My do it all farm dog (Catahoula) very long ally for catahoulas. I figured i would make a post on my success story to help out both threads

Last september my dad said he was buying me a catahoula for a house warming gift. Also when my son gets old enough she will be at his side roaming the farm. So we drove down to louisiana to pick up one from a champion bloodline. Her father and mother were both national or world (cant remember) at baying competitions. And many awards for hunting hogs. 

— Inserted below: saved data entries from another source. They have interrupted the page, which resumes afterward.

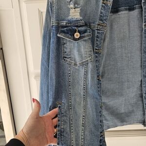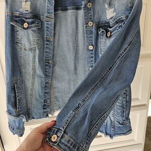 Stylish medium blue jean jacket with distressed accents. Perfect for everyday wear.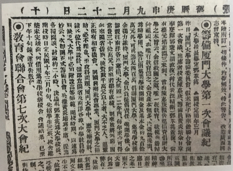 上海《申报》一九二〇年农历八月二十五日的厦大筹备报道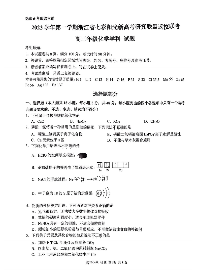 浙江省七彩阳光新高考研究联盟2024届高三上学期返校联考化学
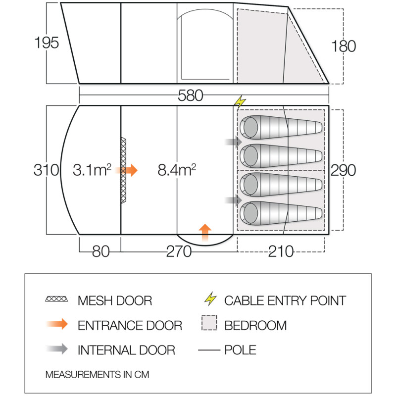 - Внешняя палатка (Д х Ш х В): 580 х 310 х 195 см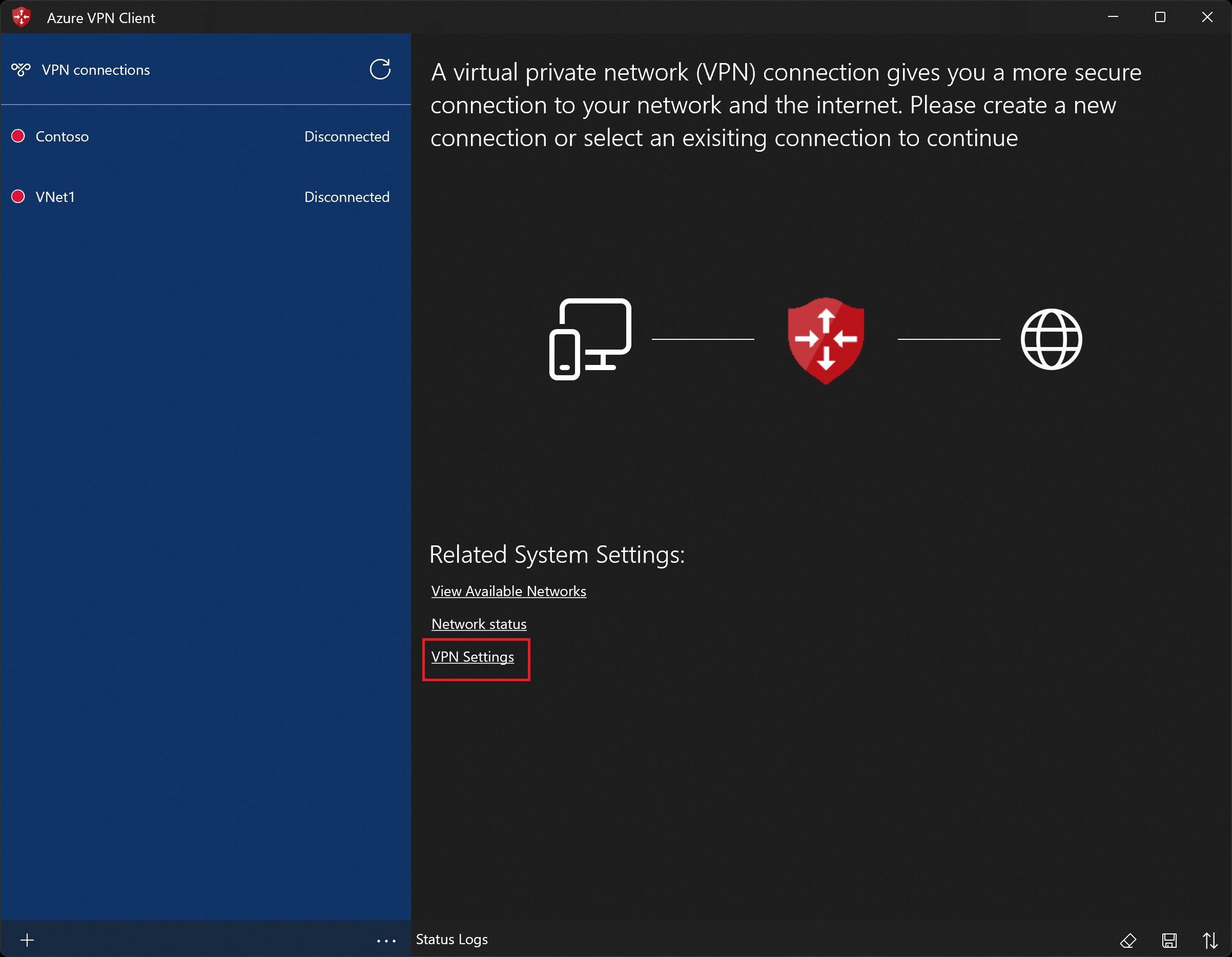 Azure VPN 客户端系统托盘在版本 4.0.0.0 及更高版本中提供,可让你在保持连接处于活动状态的同时关闭 Azure VPN 客户端应用程序。 关闭应用程序时,可以在 Windows 系统托盘中看到该应用程序。 可以通过单击托盘图标以压缩模式重新打开 Azure VPN 客户端应用。

Fast forwards several months. At 6 months we had a coyote and a bobcat come onto the property. I was in fear of my chickens and goats so I started keeping an eye out for them. One day I got a shot and took out the bobcat. She ran off and up a tree a few feet away. I turned her loose to see what she would do. Never hunting before in her life but as soon as I took her to the spot she ran right to the tree and found where the bobcat was hiding. Pretty impressive. About 2 weeks later my wife heard her barking way different and aggresively. My wife hit the front door just intime to see my 6 year old pup hot on the tail of a full grown coyote. My wife chased but there were too gone too fast. 20 mins later she showed back up. The coyote never has. That is almost the only time we have had a predator attack. Except one night, I was out of town and my wife brought Bonnie in because she was just parking. Not really at anything just stretching her vocal cords. That night, something popped he head off a chicken while it was in my kennel. So it goes to show that even though she hasnt fought something everynight, her presence alone keeps everything off my land. She is only 10 months old now and still has done her job flawlessly.

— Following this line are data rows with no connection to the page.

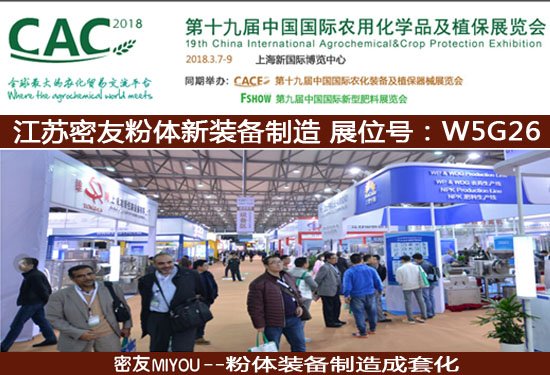 第十九屆中國國際農用化學品及植保展覽會CAC2018---全球農化盛宴將于2018年3月7-9日在上海新國際博覽中心N1-N5及W5館舉辦。江蘇密友粉體新裝備制造有限公司通過一個面向世界、客商更多、規模更大的展會,期待與您再度相約!為傳統農化行業轉型升級提供新思維、新機遇。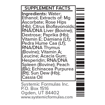 CXACX contains a blend of herbs, vitamins, and tissue factors that help enhance liver function, particularly in the left lobe. Ingredients such as echinacea and vitamin A promote liver health, while citrus bioflavonoids and vitamin C support antioxidant activity to protect liver cells from oxidative stress.
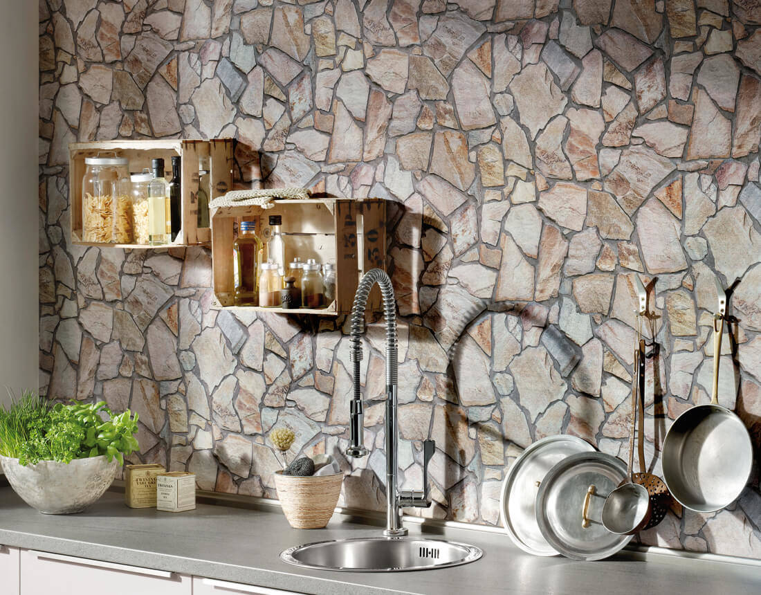 C'est tout autre chose si vous sélectionnez des papiers peints pour la cuisine ou, par exemple, le couloir. Il vaut mieux privilégier un revêtement plus dense et plus rustique. Le vinyle peut facilement faire face à toutes les influences négatives qui sont traditionnellement présentes dans ces pièces, et même en cas de pollution sévère, le lavage de la surface ne sera pas difficile.

Now to the training, this dog did attack to of my chickens and plucked them. One survived one didnt. She was trying to kill them just playing. She would also get just alittle too rough for my liking with my goats. Also she liked to chase my truck down the driveway to the road. Everyone said get rid of her. But she was doing too much on the farm for me to do that. So I had a shock collar from the past and strapped it on her. I took her around the animals and shocked her when they showed them attention. Also when she chased the cars. Then started working with her through the windows so she didnt relate the shock to me. 

Today at 10 months old she doesnt have a single bad habbit and still protects that farm perfectly. She gets along with all the animals even eats with them. The only time she will chase a chicken away is when they get close to her bowl on the porch. But she never attacks. Just runs to her bowl and chases them off. 

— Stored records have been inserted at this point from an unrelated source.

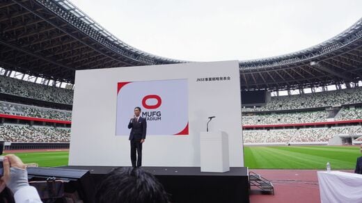 10月15日、国立競技場で開かれた事業戦略発表会。JNSE竹内晃治社長と三菱UFJフィナンシャル・グループの亀澤宏規社長が登壇し、2026年1月から5年間のネーミングライツ契約を発表した。国立競技場は「MUFGスタジアム」の呼称で運営されることになる。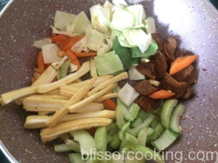 - Now add the baby corn, cabbage and mushroom and saute for 2 minutes.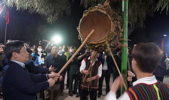 Lãnh đạo tỉnh Quảng Bình tham gia lễ hội Đập trống cùng dân làng.

I would recommend them for anyone who needs a farm dog. they are commonly used for hunting, protection, and even cattle work. They are great at herding and are used to take down bulls that wont go to the pen.


----------



## Shirley (May 27, 2007)

Very nice story. Thanks for sharing.


----------



## TedH71 (Jan 19, 2003)

I have one. Always have had at least one. Will be probably getting a 2nd one. I work hogs with mine. I'm hoping to get him started on cattle. They're smart enough to be able to hunt hogs and herd cattle then tree squirrels.


----------



## laughingllama75 (Jul 15, 2011)

My sister has one, and he is awesome. 

edited to add, he will not touch livestock, but will kill any possum/****/skunk/chipmunk he can get his mouth on. He got 16 chipmunks in one day, lol. Best loyal farm dog around.


----------